1917 год явил собой, считает Ухтомский, плод измены интеллигенции своему народу. Переживаемый историчес­кий момент ученый охарактеризовал в письме 14 ноября этого года (написан в московском Сретенском монастыре, что символично: вспоминается пушкинский Пимен) как “свирепое антихристово время”: “…все это предрешено и всему этому воистину «подобает быти» еще с тех пор, как
в феврале и марте маленькие люди ликовали по поводу свержения исторической власти; как историческая власть впала в великий соблазн и искушение последних лет; как правящее и интеллигентное общество изменило народу” (120). Интеллигенцию, совершившую и закрепившую фев­ральскую революцию, Ухтомский называет “горделивой и самонадеянной”, “верхоглядной и невежественной” и гово­рит, что она заведомо тщетно пыталась “управиться” одно­временно и с таким страшным врагом, как немец, и с такою “полуневедомой, стихийной силой, как Россия” (428).
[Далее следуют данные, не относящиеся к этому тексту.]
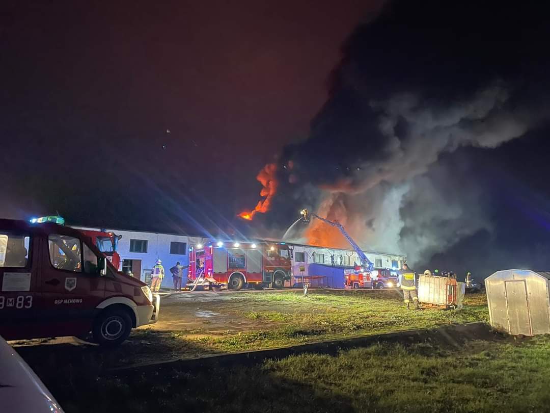 25 października o godz. 23.16 do Stanowiska Kierowania Państwowej Straży Pożarnej w Przasnyszu wpłynęło zgłoszenie o pożarze hali produkcyjno – magazynowej w miejscowości Mchowo.
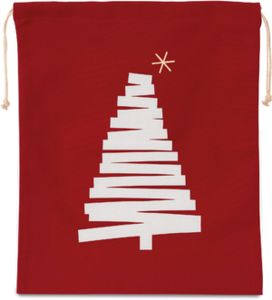 Sac coton à cordon motif sapin - Noir, Cherry Red

С го­речью и тревогой отмечает он, что “ужасающий спрос <…> на ложных пророков” распространяется на самые широкие слои общества, что отсюда проистекают бурно “развиваю­щееся <…> поругание церкви в соблазняющейся народной душе <…>, возрастающая неспособность верить правде <…>, одичание, возвращение к инстинктивной жизни древней обезьяны и свиньи, скрывавшейся до сих пор под культур­ной скорлупой, с таким трудом надстроенной за историю сознательной жизни человечества!”. И наряду с этим “паде­нием и растлением общества <…> подымается гордыня древней злобы, все пытающейся быть «яко бози»” (131). Назвав февральскую революцию безумной, Ухтомский ут­верждал, что она “почти с первого дня” предопределила все посыедующее: “Дальнейшие глупости разных «большеви­ков» и прочих убогих людей не подлежат уже такому суду
и осуждению, как то, что в самом начале было понаделано умниками: Гучковыми, Родзянками, Милюковыми… Ну, да уж если искать корней, то придется заходить далеко” (427).
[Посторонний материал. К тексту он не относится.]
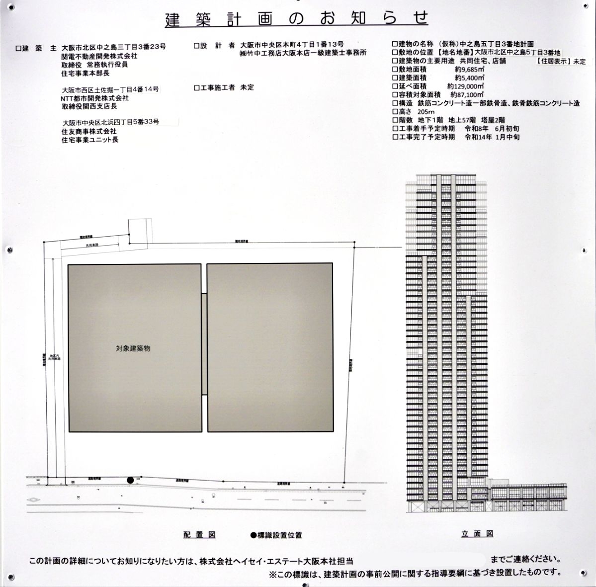 建築主は関電不動産開発株式会社、NTT都市開発株式会社、住友商事株式会社、設計は株式会社竹中工務店です。着工は2026年6月初旬、竣工は2032年1月中旬となっています。

И Ухтомский, уясняя истоки и причины происшедше-
го, идет весьма далеко. Обсуждая книгу П. А. Кропоткина “Речи бунтовщика” (письмо 1918 года), он соглашается с ав­тором, что современная европейская цивилизация “проник­нута тщеславием, гордыней, сластолюбием, крайним духов­ным нечувствием”. “Но, -- продолжает ученый, -- в попытках дать что-нибудь положительное, какой-либо намек на прак­тическую программу достижения блага, старик жалок и бес­плоден; там же, где он, -- за отсутствием более разумного, -- рекомендует народу кровавую бойню, он становится уже
и мерзок! Вот от такой-то болтовни, столь безобидной по кабинетам гг. писателей, и получились современные безум­ные плоды!” (146).

Ухтомский, как видно, отнюдь не был склонен (в отли­чие от многих своих современников, а также нынешних идеологов) взваливать весь груз ответственности за рос­сийские беды ХХ столетия на русский народ, осуждать его “менталитет”, верования, обычаи, психологию, характер. “Виноват остается <…> тот, кто был ведущим”, -- замечал ученый позже, говоря о своей деятельности в качестве ру­ководителя “заболевшего” коллектива (460). Народ в по­нимании Ухтомского (который здесь близок Пушкину как автору “Бориса Годунова” и Мусоргскому как создателю “Хованщины”) -- это отнюдь не безликая масса, тем более -- не толпа, всецело подвластная инстинктам и неразумная: “…нельзя мешать в одну кучу народ как толпу и народ как сверхличное сознание” (353). “Народ, -- утверждает уче­ный, -- есть, прежде всего, людское множество, множество лиц; и если мог он сложиться в нечто единое, это значит, что он есть в принципе упорядоченное <…> множество <…>. Кто позволяет себе хоть однажды помыслить о народе как о «массе» и «толпе», тот сам теряет в себе лицо” (482).

Русский народ, каким он себя проявил в 1917 году и
позже, предстает в освещении Ухтомского как соблазнен­ный ложными пророками, но в то же время далеко не в об­лике безвинного ягненка: ответственны за происшедшее
в стране не только революционно настроенные интеллиген­ты, но и все иные слои русского общества. “…виноваты мы все, все до единого, -- писал Ухтомский в 1921 году, -- подоб­но тому, как в заболевшем организме нет небольных кле-
точек…” (359). С горечью говорит ученый о приближении “Вавилонского пленения для безумного народа, ослеплен­ного ложными пророками и преступными учителями, при­водящими к историческому позору” (121); о том, что “нет достаточных нравственных сил в народе, которые дали бы основу для здоровых новообразований, -- опереться в наро­де не на что” (156). “Настроение в народе вообще тяжелое, пришибленное, тупое. Нет духа покаяния, нет до сих пор прозрения на свои преступления, а значит, нет и просвета надежды на избавление” (146; 1918 г.).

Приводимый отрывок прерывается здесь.